Re: [PATCH net-next v6 06/15] ethtool: netlink bitset handling

From: Jiri Pirko
Date: Tue Jul 09 2019 - 10:18:24 EST


Thu, Jul 04, 2019 at 01:52:36PM CEST, mkubecek@xxxxxxx wrote:
>On Thu, Jul 04, 2019 at 10:04:35AM +0200, Jiri Pirko wrote:
>> Wed, Jul 03, 2019 at 08:18:51PM CEST, mkubecek@xxxxxxx wrote:
>> >On Wed, Jul 03, 2019 at 01:49:33PM +0200, Jiri Pirko wrote:
>> >> Tue, Jul 02, 2019 at 01:50:09PM CEST, mkubecek@xxxxxxx wrote:
>> >> >+Compact form: nested (bitset) atrribute contents:
>> >> >+
>> >> >+ ETHTOOL_A_BITSET_LIST (flag) no mask, only a list
>> >> >+ ETHTOOL_A_BITSET_SIZE (u32) number of significant bits
>> >> >+ ETHTOOL_A_BITSET_VALUE (binary) bitmap of bit values
>> >> >+ ETHTOOL_A_BITSET_MASK (binary) bitmap of valid bits
>> >> >+
>> >> >+Value and mask must have length at least ETHTOOL_A_BITSET_SIZE bits rounded up
>> >> >+to a multiple of 32 bits.

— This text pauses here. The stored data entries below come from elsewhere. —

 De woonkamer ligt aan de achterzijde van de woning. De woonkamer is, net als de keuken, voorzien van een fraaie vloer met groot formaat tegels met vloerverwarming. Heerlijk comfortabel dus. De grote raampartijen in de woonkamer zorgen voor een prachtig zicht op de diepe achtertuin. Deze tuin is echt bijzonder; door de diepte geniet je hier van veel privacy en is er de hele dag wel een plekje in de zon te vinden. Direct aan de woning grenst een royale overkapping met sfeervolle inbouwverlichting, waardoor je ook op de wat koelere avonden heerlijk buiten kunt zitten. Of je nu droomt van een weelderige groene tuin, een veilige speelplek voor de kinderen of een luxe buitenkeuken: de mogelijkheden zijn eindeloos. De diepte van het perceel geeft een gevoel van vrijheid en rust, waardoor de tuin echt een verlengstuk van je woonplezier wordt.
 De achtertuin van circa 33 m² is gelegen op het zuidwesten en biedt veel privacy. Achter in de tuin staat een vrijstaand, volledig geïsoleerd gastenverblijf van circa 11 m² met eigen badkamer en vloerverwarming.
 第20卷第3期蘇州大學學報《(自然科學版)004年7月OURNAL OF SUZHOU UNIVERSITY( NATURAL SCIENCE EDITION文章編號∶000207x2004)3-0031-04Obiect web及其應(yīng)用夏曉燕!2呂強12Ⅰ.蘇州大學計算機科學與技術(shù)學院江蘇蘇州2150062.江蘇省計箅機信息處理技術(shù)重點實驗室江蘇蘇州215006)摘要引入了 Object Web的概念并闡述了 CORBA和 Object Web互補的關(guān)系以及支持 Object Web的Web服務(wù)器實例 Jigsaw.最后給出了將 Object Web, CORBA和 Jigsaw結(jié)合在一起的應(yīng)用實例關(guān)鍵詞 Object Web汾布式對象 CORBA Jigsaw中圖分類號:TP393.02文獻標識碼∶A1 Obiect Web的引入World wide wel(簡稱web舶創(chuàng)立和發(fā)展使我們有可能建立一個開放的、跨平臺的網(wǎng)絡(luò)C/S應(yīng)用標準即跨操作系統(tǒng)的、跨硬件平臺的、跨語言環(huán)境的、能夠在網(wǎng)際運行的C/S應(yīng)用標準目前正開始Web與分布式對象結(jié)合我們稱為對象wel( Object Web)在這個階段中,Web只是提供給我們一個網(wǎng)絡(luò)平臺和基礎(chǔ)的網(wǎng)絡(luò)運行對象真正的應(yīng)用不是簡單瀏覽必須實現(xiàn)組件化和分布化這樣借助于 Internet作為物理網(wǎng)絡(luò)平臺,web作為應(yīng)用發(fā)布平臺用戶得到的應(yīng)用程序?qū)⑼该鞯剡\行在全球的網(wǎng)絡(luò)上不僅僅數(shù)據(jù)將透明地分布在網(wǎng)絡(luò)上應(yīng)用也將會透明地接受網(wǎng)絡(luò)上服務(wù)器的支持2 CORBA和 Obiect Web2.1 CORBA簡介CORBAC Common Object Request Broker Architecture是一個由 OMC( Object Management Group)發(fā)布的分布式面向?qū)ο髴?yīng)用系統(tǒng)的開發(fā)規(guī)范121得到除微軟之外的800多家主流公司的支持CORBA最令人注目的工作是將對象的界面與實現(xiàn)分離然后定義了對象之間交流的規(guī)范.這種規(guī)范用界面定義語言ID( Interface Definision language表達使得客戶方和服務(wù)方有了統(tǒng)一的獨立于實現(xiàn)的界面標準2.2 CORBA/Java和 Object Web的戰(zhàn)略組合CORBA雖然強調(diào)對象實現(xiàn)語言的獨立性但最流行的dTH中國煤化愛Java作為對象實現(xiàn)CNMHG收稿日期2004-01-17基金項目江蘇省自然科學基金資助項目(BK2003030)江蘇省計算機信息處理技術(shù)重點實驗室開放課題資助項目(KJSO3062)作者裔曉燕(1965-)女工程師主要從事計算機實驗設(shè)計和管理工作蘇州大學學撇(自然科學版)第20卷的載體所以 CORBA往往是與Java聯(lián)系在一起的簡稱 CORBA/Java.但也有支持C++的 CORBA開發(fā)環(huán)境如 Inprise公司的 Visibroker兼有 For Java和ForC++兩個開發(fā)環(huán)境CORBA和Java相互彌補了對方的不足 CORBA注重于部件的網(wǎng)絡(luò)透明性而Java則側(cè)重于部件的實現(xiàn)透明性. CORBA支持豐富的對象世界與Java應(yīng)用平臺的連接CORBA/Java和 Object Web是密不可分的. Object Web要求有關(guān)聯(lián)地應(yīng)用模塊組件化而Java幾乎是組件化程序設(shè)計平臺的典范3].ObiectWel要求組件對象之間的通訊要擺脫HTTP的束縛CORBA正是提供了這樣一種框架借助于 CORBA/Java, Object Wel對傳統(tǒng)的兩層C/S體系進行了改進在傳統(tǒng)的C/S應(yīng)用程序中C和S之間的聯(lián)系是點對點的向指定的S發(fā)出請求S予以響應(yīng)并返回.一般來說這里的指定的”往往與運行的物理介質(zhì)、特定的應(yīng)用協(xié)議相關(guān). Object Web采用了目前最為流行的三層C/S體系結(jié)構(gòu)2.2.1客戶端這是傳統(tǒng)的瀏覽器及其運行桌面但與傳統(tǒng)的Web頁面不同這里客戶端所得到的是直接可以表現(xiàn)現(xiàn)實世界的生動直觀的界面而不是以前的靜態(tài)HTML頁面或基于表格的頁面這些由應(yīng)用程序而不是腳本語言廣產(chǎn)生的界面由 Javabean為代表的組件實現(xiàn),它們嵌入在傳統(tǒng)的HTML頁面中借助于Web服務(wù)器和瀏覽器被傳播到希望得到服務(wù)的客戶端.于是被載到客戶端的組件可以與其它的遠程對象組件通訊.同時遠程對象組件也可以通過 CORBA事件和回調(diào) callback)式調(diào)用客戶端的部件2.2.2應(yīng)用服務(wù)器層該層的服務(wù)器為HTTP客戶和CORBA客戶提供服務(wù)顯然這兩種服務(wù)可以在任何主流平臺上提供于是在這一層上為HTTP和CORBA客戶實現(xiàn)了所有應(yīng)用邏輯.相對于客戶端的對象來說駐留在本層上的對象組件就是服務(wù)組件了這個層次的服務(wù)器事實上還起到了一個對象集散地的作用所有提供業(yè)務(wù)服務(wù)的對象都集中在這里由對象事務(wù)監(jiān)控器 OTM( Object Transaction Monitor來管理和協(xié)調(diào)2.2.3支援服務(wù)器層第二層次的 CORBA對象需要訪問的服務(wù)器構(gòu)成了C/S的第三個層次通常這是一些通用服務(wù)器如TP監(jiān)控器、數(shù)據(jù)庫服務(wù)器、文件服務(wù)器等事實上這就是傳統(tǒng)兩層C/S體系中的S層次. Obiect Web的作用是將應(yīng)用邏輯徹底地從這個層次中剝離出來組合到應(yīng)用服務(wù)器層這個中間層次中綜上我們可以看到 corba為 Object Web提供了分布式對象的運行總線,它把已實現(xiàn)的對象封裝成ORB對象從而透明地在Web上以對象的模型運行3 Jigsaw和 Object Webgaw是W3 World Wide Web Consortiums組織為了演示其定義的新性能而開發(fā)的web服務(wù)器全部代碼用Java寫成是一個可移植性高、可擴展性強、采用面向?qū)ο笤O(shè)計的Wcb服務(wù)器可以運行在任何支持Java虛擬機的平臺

They consist of 32-bit words in host byte order,
>> >>
>> >> Looks like the blocks are similar to NLA_BITFIELD32. Why don't you user
>> >> nested array of NLA_BITFIELD32 instead?
>> >
>> >That would mean a layout like
>> >
>> > 4 bytes of attr header
>> > 4 bytes of value
>> > 4 bytes of mask
>> > 4 bytes of attr header
>> > 4 bytes of value
>> > 4 bytes of mask
>> > ...
>> >
>> >i.e. interleaved headers, words of value and words of mask. Having value
>> >and mask contiguous looks cleaner to me. Also, I can quickly check the
>> >sizes without iterating through a (potentially long) array.
>>
>> Yeah, if you are not happy with this, I suggest to introduce
>> NLA_BITFIELD with arbitrary size. That would be probably cleanest.
>
>There is still the question if it it should be implemented as a nested
>attribute which could look like the current compact form without the
>"list" flag (if there is no mask, it's a list). Or an unstructured data
>block consisting of u32 bit length and one or two bitmaps of
>corresponding length. I would prefer the nested attribute, netlink was
>designed to represent structured data, passing structures as binary goes
>against the design (just looked at VFINFO in rtnetlink few days ago,
>it's awful, IMHO).
>
>Either way, I would still prefer to have bitmaps represented as an array
>of 32-bit blocks in host byte order. This would be easy to handle in
>kernel both in places where we have u32 based bitmaps and unsigned long
>based ones. Other options seem less appealing:
>
> - u8 based: only complicates processing
> - u64 based: have to care about alignment
> - unsigned long based: alignment and also problems with 64-bit kernel
> vs. 32-bit userspace
>
>> >> This is quite complex and confusing. Having the same API for 2 APIs is
>> >> odd. The API should be crystal clear, easy to use.
>> >>
>> >> Why can't you have 2 commands, one working with bit arrays only, one
>> >> working with strings? Something like:
>> >> X_GET
>> >> ETHTOOL_A_BITS (nested)
>> >> ETHTOOL_A_BIT_ARRAY (BITFIELD32)
>> >> X_NAMES_GET
>> >> ETHTOOL_A_BIT_NAMES (nested)
>> >> ETHTOOL_A_BIT_INDEX
>> >> ETHTOOL_A_BIT_NAME
>> >>
>> >> For set, you can also have multiple cmds:
>> >> X_SET - to set many at once, by bit index
>> >> ETHTOOL_A_BITS (nested)
>> >> ETHTOOL_A_BIT_ARRAY (BITFIELD32)
>> >> X_ONE_SET - to set one, by bit index
>> >> ETHTOOL_A_BIT_INDEX
>> >> ETHTOOL_A_BIT_VALUE
>> >> X_ONE_SET - to set one, by name
>> >> ETHTOOL_A_BIT_NAME
>> >> ETHTOOL_A_BIT_VALUE
>> >
>> >This looks as if you assume there is nothing except the bitset in the
>> >message but that is not true. Even with your proposed breaking of
>> >current groups, you would still have e.g. 4 bitsets in reply to netdev
>> >features query, 3 in timestamping info GET request and often bitsets
>> >combined with other data (e.g. WoL modes and optional WoL password).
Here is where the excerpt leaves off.